START RECORDS SUPPLIED
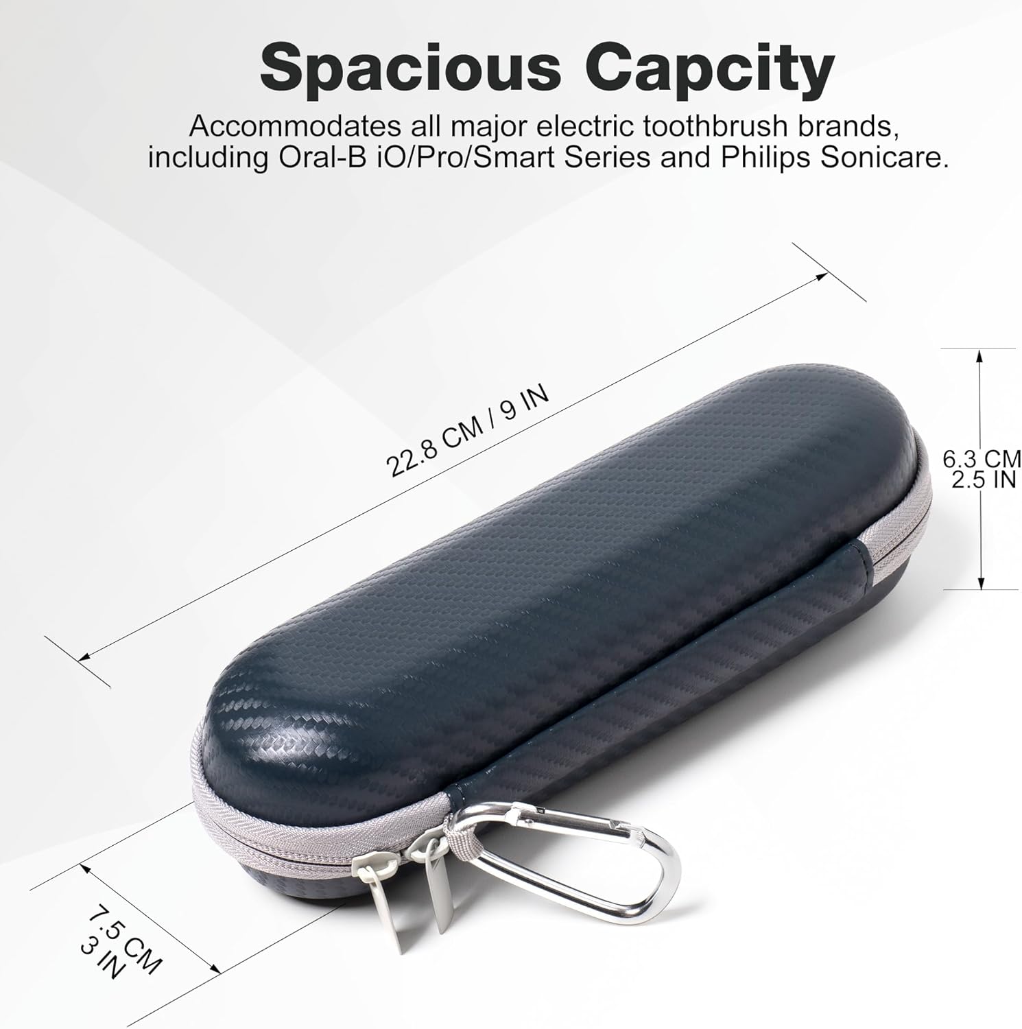 - Spacious Capacity: This toothbrush case boasts a larger size, accommodating all powered toothbrush products—including Oral-B iO, Pro, Smart Series, and Philips Sonicare. Its spacious design is perfect for storing your powered toothbrush, especially when you need to pack the iO series charger for travel. There's also ample room for extra brush heads, small toothpaste tubes, and mouthwash. If you prefer a more compact option, check out our smaller size below.
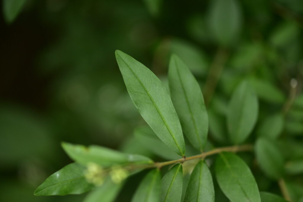 쥐똥나무만의 특징: 가지가 많고 촘촘하여 울타리용으로 적합합니다. 잎은 마주나며 난형이고, 열매가 검은색으로 쥐똥처럼 생겨 이름이 유래했습니다.
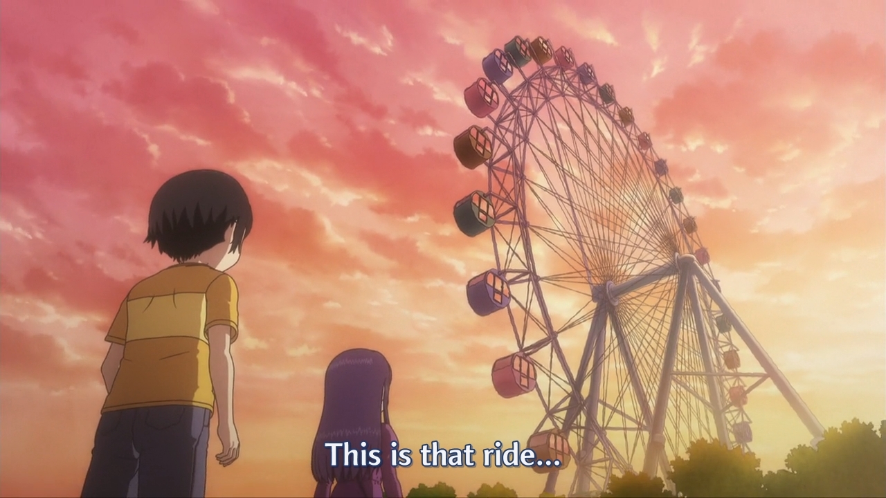 — Unfortunately, the park is closed, so Haruo and Akira have to skip the ferris wheel for now. Still, he gets to ride home on the bus with the girl alone, so that’s still something. A girl resting her head on your shoulder is like… well, it’s not first base, that’s for sure. It’s like fouling out at the plate. At least you didn’t strike out.
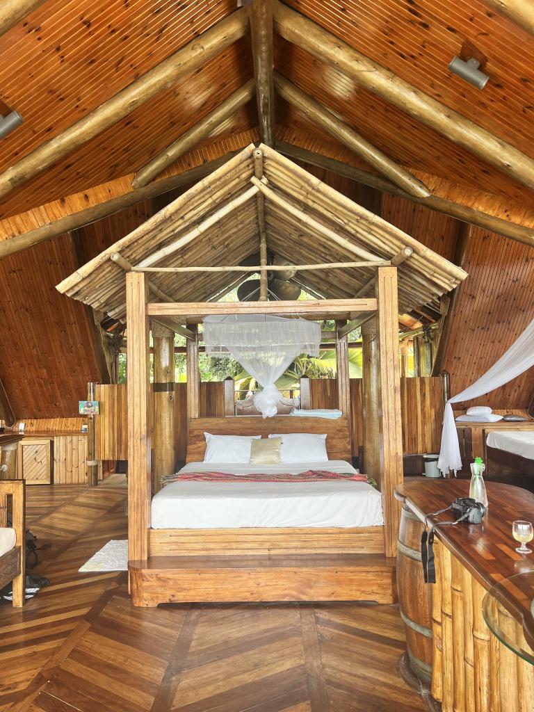 We had never stayed in a location like this before – a fresh wind going through the open room, no doors or windows but still extremely comfortable and we immediately felt we were in the right spot . Luckily the palm spiders had no interest into coming inside, so our only visitors were some Geckos and judging from the paw prints on our spare bed, we also had a cat staying over for the night.
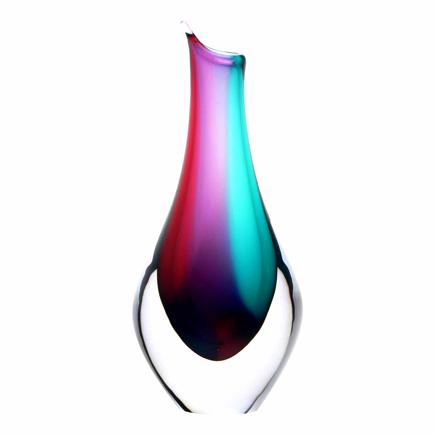 Décor entièrement réalisé à la main par inclusions de pigments colorés et d’oxydes métalliques appliqués sur plusieurs épaisseurs, selon la technique dite «overlay», formant un motif abstrait à dominantes de couleurs turquoise & rose rubis.
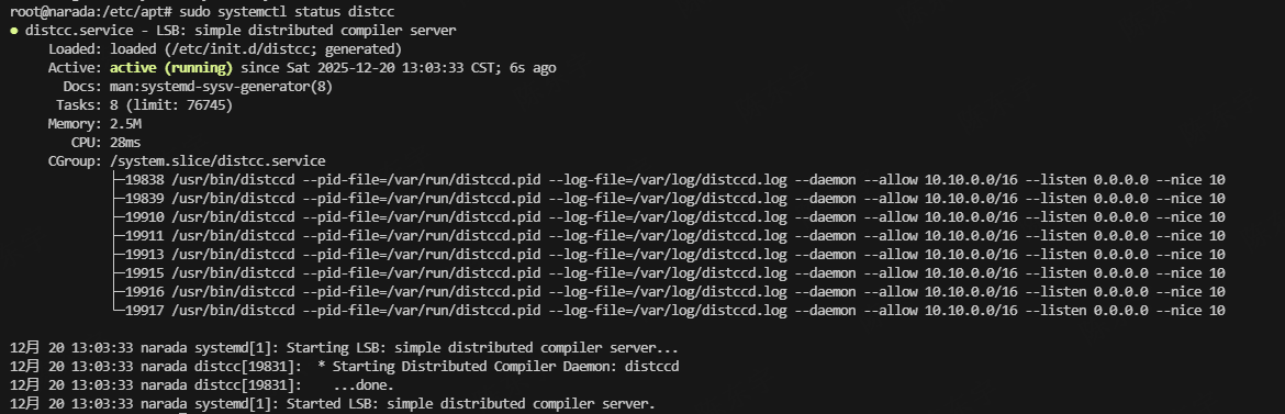 BASHsudo systemctl restart distcc sudo systemctl enable distcc # 设置开机自启 -
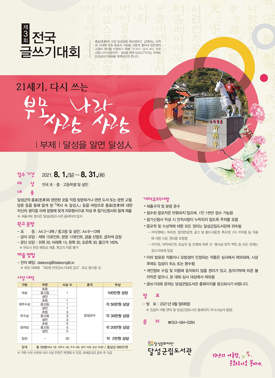 - 글쓰기대회 문의는 달성군립도서관 홈페이지를 참고하시기 바랍니다.
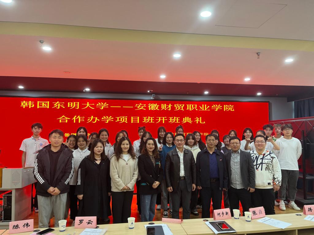 11月17日,韩国东明大学——安徽财贸职业学院婴幼儿托育服务与管理中外合作办学国际项目班开班典礼在A1003智慧实训室举行。典礼由公共教学部副主任陈伟主持,教务处处长王海龙、公共教学部党总支副书记何步新、教务处国际教育科、幼管2101班辅导员蒋臣与幼管2101全体学生现场参礼。
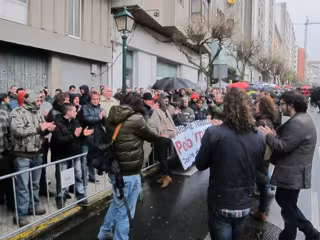 La concentración ha comenzado minutos antes de las 10.00 horas de este martes, cuando estaba previsto el arranque del pleno extraordinario de la Cámara para el debate y aprobación de los presupuestos de la Comunidad Autónoma para este año 2013, y se ha prolongado hasta las 12.00 horas, aproximadamente, cuando en el interior del Pazo do Hórreo ya se había reanudado el pleno después de su suspensión durante media hora por las protestas registradas en la tribuna de invitados.
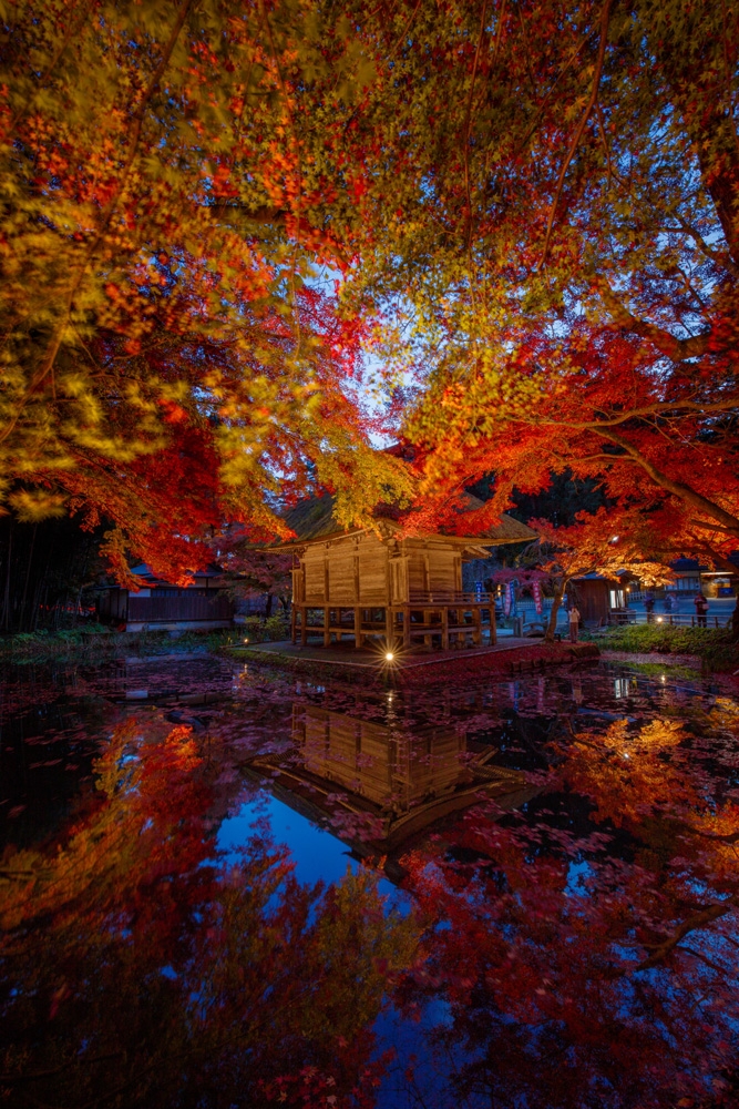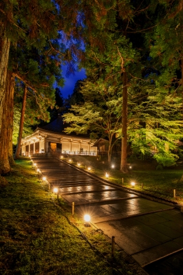 The exterior lighting of Chuson-ji Temple was designed according to the autumn leaves season.
END RECORDS SUPPLIED
◆ WHAT THE TASK ASKS
Nothing but the lines from the one containing "11月17日,韩国东明大学—" through the final line of the records, both included and copied exactly, should appear in the answer; pictures stay out.

◆ RESPONSE TO THIS EXERCISE
 11月17日,韩国东明大学——安徽财贸职业学院婴幼儿托育服务与管理中外合作办学国际项目班开班典礼在A1003智慧实训室举行。典礼由公共教学部副主任陈伟主持,教务处处长王海龙、公共教学部党总支副书记何步新、教务处国际教育科、幼管2101班辅导员蒋臣与幼管2101全体学生现场参礼。
 La concentración ha comenzado minutos antes de las 10.00 horas de este martes, cuando estaba previsto el arranque del pleno extraordinario de la Cámara para el debate y aprobación de los presupuestos de la Comunidad Autónoma para este año 2013, y se ha prolongado hasta las 12.00 horas, aproximadamente, cuando en el interior del Pazo do Hórreo ya se había reanudado el pleno después de su suspensión durante media hora por las protestas registradas en la tribuna de invitados.
 The exterior lighting of Chuson-ji Temple was designed according to the autumn leaves season.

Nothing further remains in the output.